TASK BRIEF: Copy out all lines bearing the word "diecezji" from the listing below.

LISTED RECORDS:
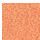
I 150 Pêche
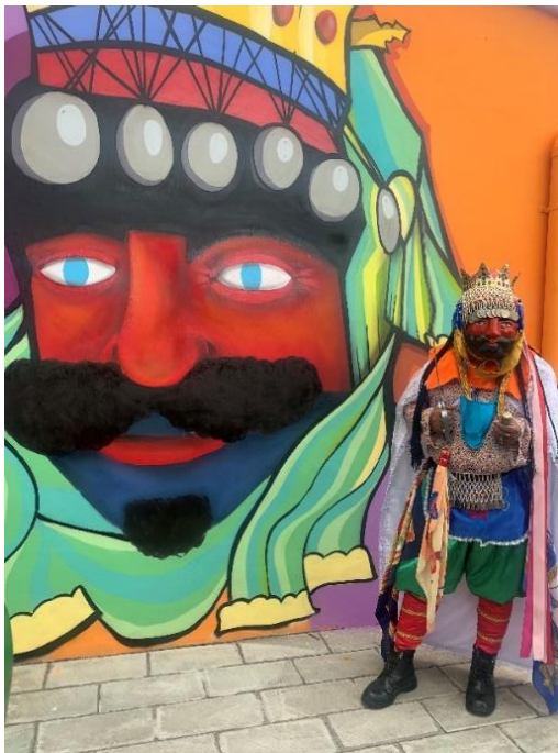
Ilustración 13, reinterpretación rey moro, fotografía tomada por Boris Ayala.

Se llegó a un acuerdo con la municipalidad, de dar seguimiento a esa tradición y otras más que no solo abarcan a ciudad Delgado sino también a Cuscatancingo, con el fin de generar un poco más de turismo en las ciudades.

---

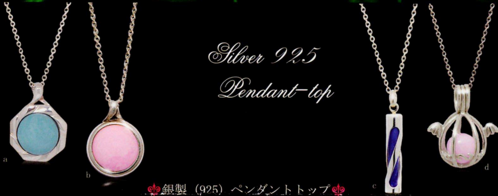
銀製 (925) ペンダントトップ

--

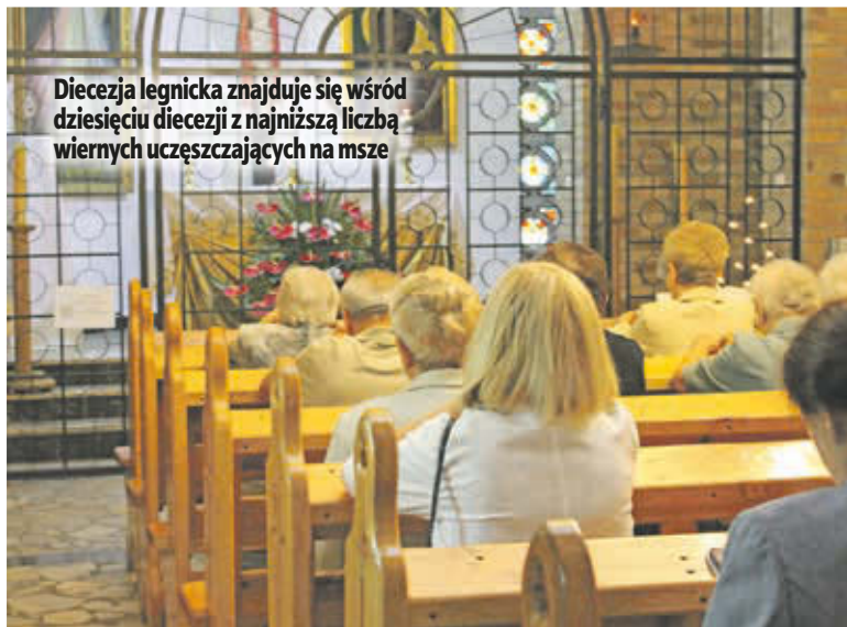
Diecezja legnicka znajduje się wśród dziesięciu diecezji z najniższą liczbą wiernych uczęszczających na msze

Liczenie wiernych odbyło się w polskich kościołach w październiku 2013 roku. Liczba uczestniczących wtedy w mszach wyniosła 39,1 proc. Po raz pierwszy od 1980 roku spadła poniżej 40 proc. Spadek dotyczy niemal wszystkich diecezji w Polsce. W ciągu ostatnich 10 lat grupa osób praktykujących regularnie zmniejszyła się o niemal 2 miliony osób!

SOLUTION:
Diecezja legnicka znajduje się wśród dziesięciu diecezji z najniższą liczbą wiernych uczęszczających na msze
Liczenie wiernych odbyło się w polskich kościołach w październiku 2013 roku. Liczba uczestniczących wtedy w mszach wyniosła 39,1 proc. Po raz pierwszy od 1980 roku spadła poniżej 40 proc. Spadek dotyczy niemal wszystkich diecezji w Polsce. W ciągu ostatnich 10 lat grupa osób praktykujących regularnie zmniejszyła się o niemal 2 miliony osób!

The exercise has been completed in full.